A lot of frustrations were reflected in the House Commerce Committee's vote Thursday to put high-priority energy projects on a "fast track" that could override almost any federal, state or local law that might get in the way. The committee did not entrust the formidable waiver power entirely to the proposed energy mobilization board. Instead, the board would make recommendations to the president, whose decision to set aside any law would be subject to veto by either house of Congress within 60 days. This might seem to bring enough accountable officials into the act -- or rather the act of overriding the acts. Still, it turns the traditional legislative process upside down -- besides creating a mechanism for the most arbitrary interference with state and local prerogatives.
Behind this extraordinary bill is the belief that recent laws and regulations, mainly in the environmental field, have become so complex and delay-ridden that building any energy project, no matter how urgent, is nearly impossible. There is some truth in that. But bulldozing away the laws is far too rough and undiscriminating a remedy. For instance, many of the most frustrating, arbitrary delays come from procedural snarls -- the seemingly endless environmental-impact review, or agencies' slowness in issuing rules under various laws. A batch of related problems have come from conflicts among federal agencies and administrators' reluctance to make tough, controversial judgment calls. The long fights over the Seabrook, N.H., nuclear power plant and the proposed refinery at Portsmouth are textbook examples of that -- and of the kinds of tangles that a more limited expediting bill might well resolve.
Then there are the jams that no law can override, the ones caused by the current penchant for taking every argument to court -- and by some judges' willingness to entertain even the most preposterous challenges to laws and rules. Far from reducing these squabbles, a peremptory bill such as the Commerce Committee's could easily redouble them. It would certainly provoke new bitter litigation between the federal government and the states -- often over matters that could be resolved more quickly and amicably through political channels.
Finally, the Commerce Committee bill advances the dangerous illusion that the real conflicts retarding energy production are those between projects and laws. Not so; the tensions are between the projects and other values and priorities, some of which have been embodied in laws. For instance, western coal producers are complaining about provisions in the strip-mining law that protect water resources.
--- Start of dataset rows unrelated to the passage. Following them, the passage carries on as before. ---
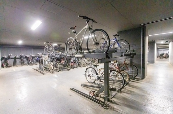 屋内の自転車置き場は明るい照明付きで天候を気にせず利用できます。
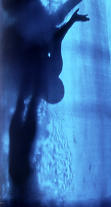 Das Bild einer Frau im purpurfarbenen Gewand scheint in einer senkrecht hängenden Stahlwanne zu schweben (los). Dabei wirkt der Körper dem kühlen Material zunächst untergeordnet, denn er ist nur schwach zu erkennen - jedoch, im richtigen Blickwinkel, macht eine auftauchende vertikale Lichtsäule die Gestalt deutlich. Sie läuft mit der Bewegung des Betrachters durch den Körper der Frau.
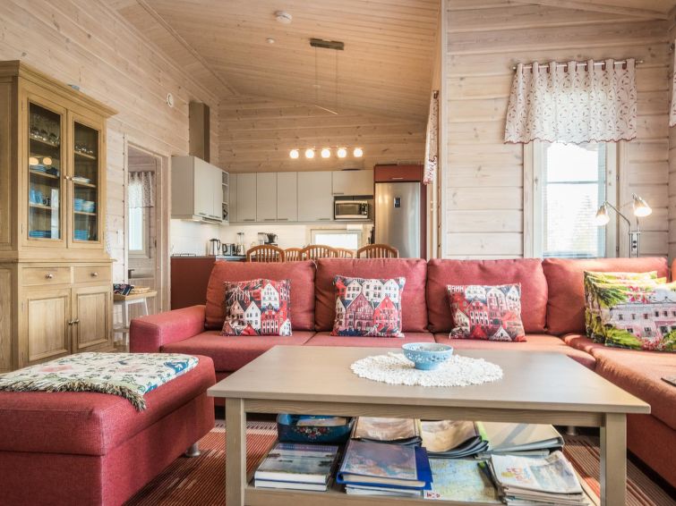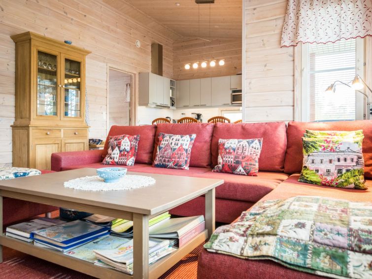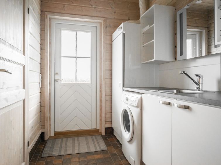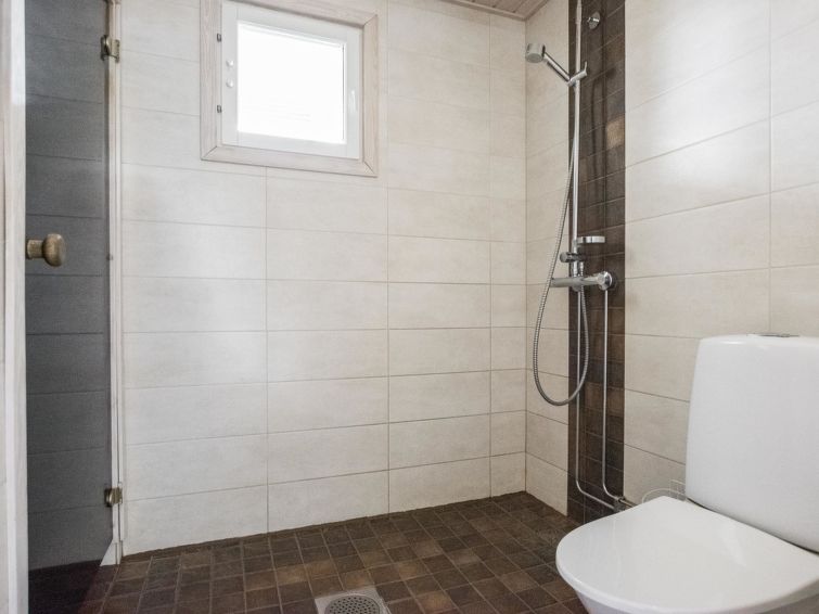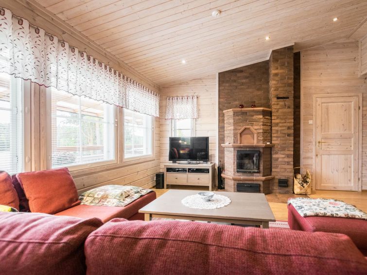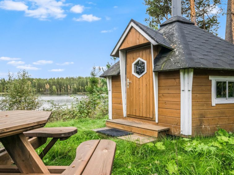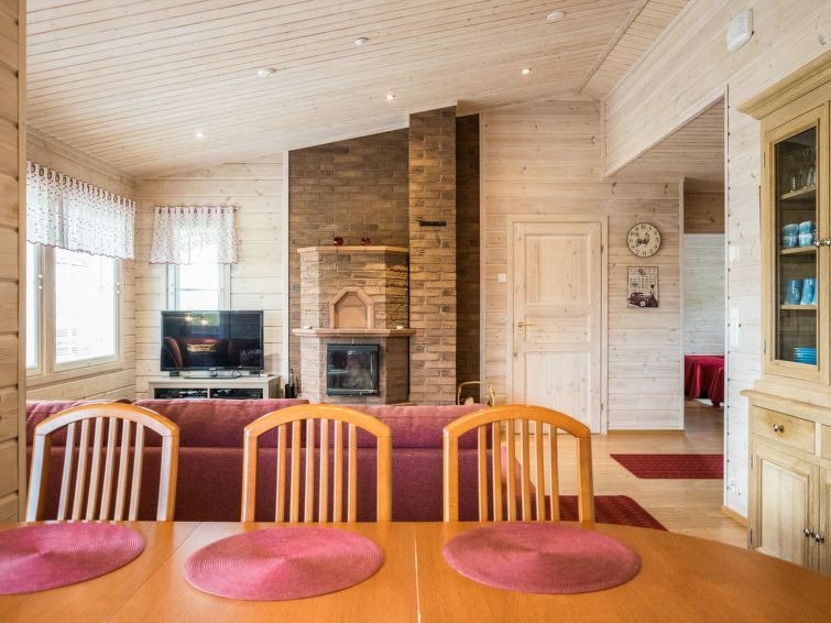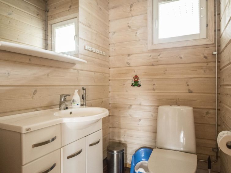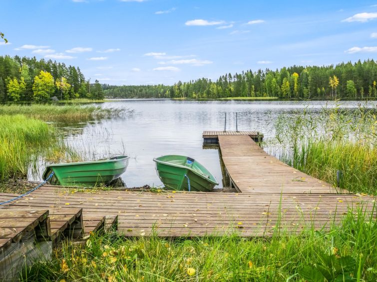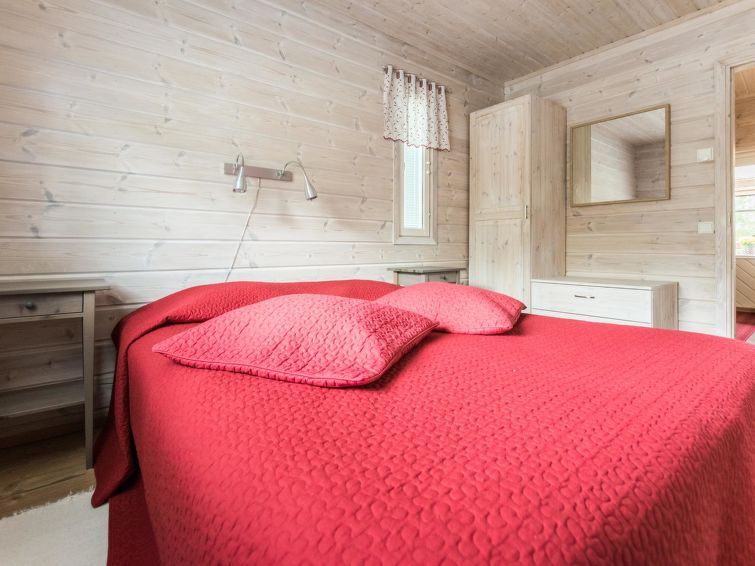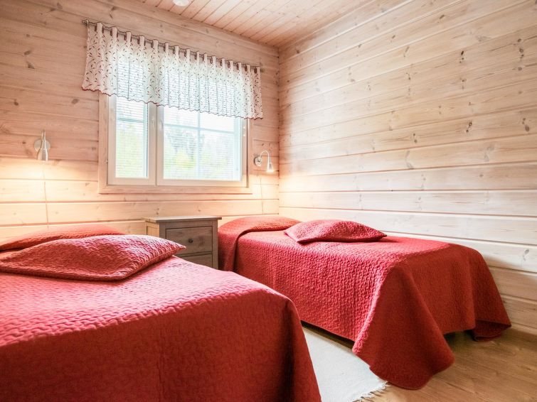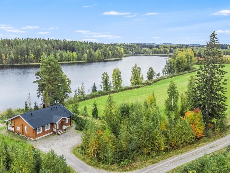 75 km northeast of Jyväskylä ,lake Liesvesi 40 m (length 8 km, width 1.6 km), shallow, hard sand bottom, boat. Log cabin 2011, three bedrooms, each with two beds, hall, vestibule, dressing room, washroom, electric sauna and spacious covered terraces. Access to terrace through kitchen and dressing room.
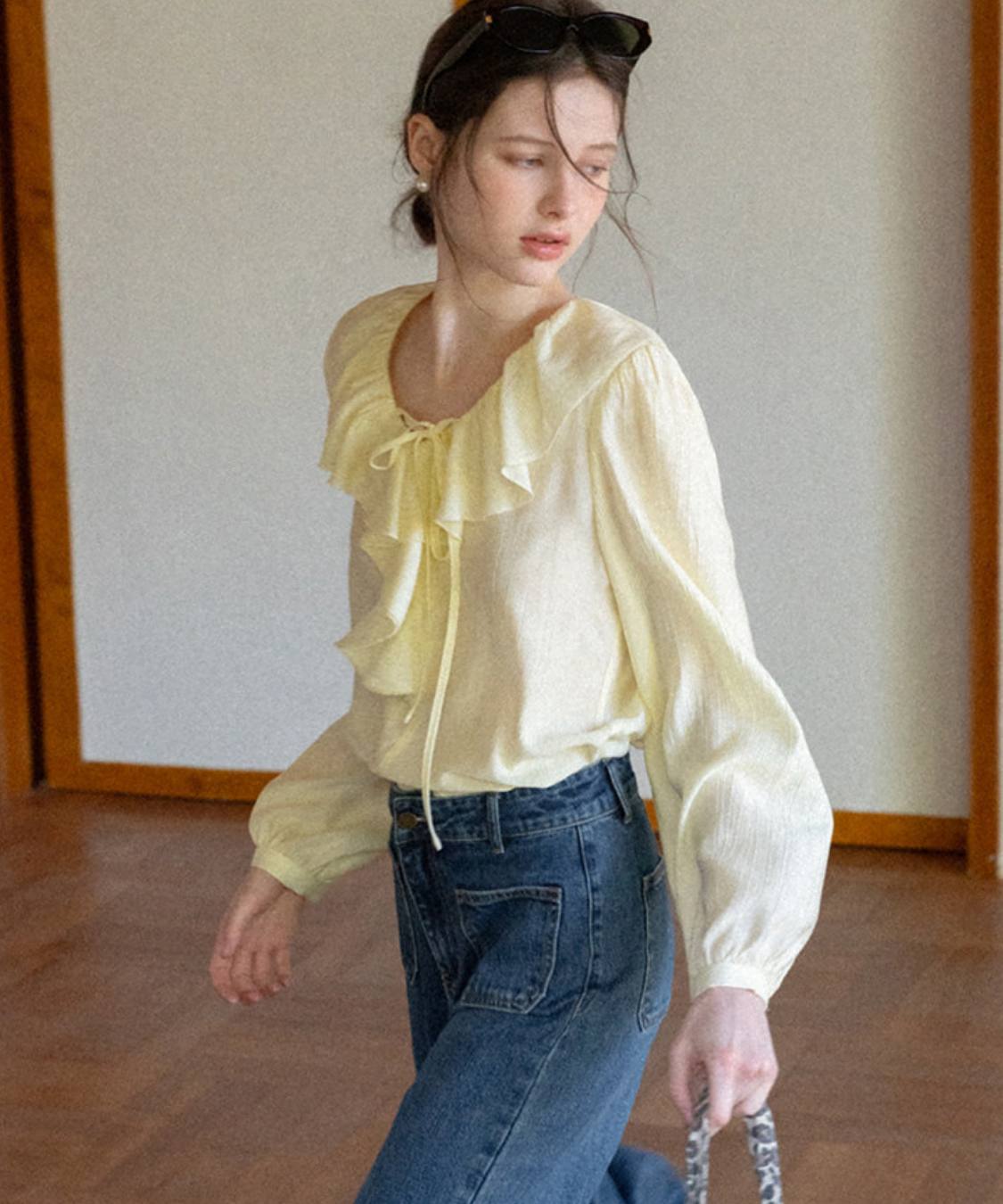 大きめのフリルカラーが小顔効果を叶えてくれるのも嬉しいポイントです◎
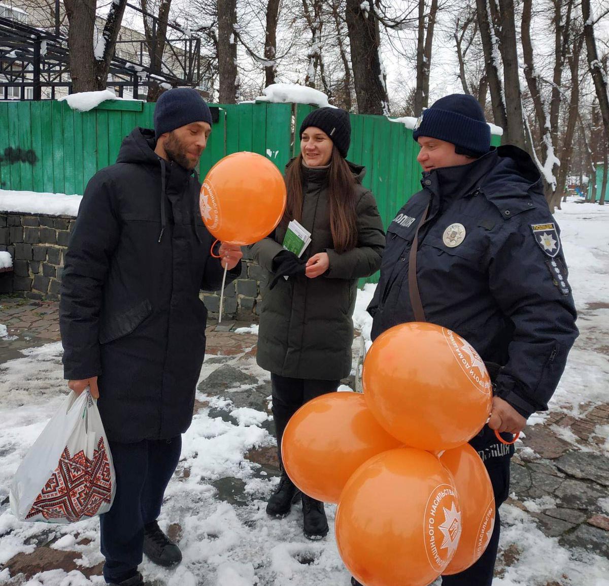 Вручили також перехожим буклети з інформацією про те, де шукати допомоги та до кого звернутися за порадою в скрутних ситуаціях, що виникли через домашнє насильство.
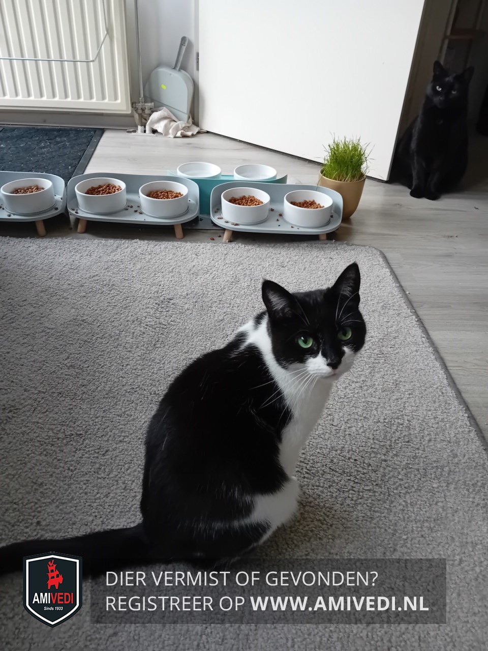 | Signalement | Zwart met wit; zwarte kop met wit masker, zwarte rug en staart, witte hals nek buik voor en achterpootjes |
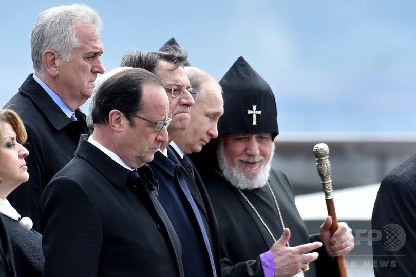 【4月25日 AFP】100年前に起きたオスマン帝国軍によるアルメニア人約150万人の虐殺の犠牲者を追悼する式典が24日、アルメニアの首都エレバン(Yerevan)で行われ、フランスやロシアなど約60か国の首脳や外交官らが出席した。しかしエレバンの丘の上で行われた記念式典では、アルメニア人虐殺が現在も外交上の「地雷原」であることが垣間見えた。
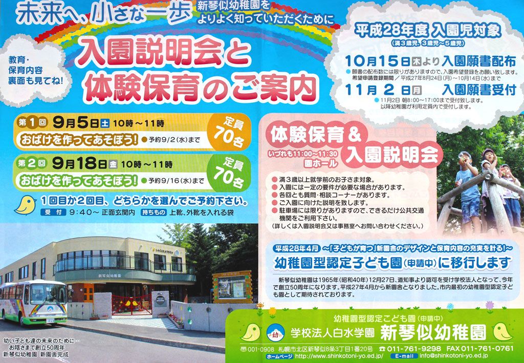 平成27年度より子ども子育て支援新制度がスタートしております。本園は平成28年4月より新制度移行する予定で準備を進めております、 今後の園の運営に伴う移行予定について入園説明会で詳しく説明いたします。

But waiving those provisions is not going to make western water any more plentiful or the conflicts between energy and other potential uses, such as agriculture, any less intense. Yes, a waiver would settle that issue in a given case. And that points to one more damaging element of this ripper bill: it is another acknowledgment of Congress' inability to deal with these immense problems overall. If Congress and the country were really mobilized behind any coherent energy program, no peremptory measure like this would be required.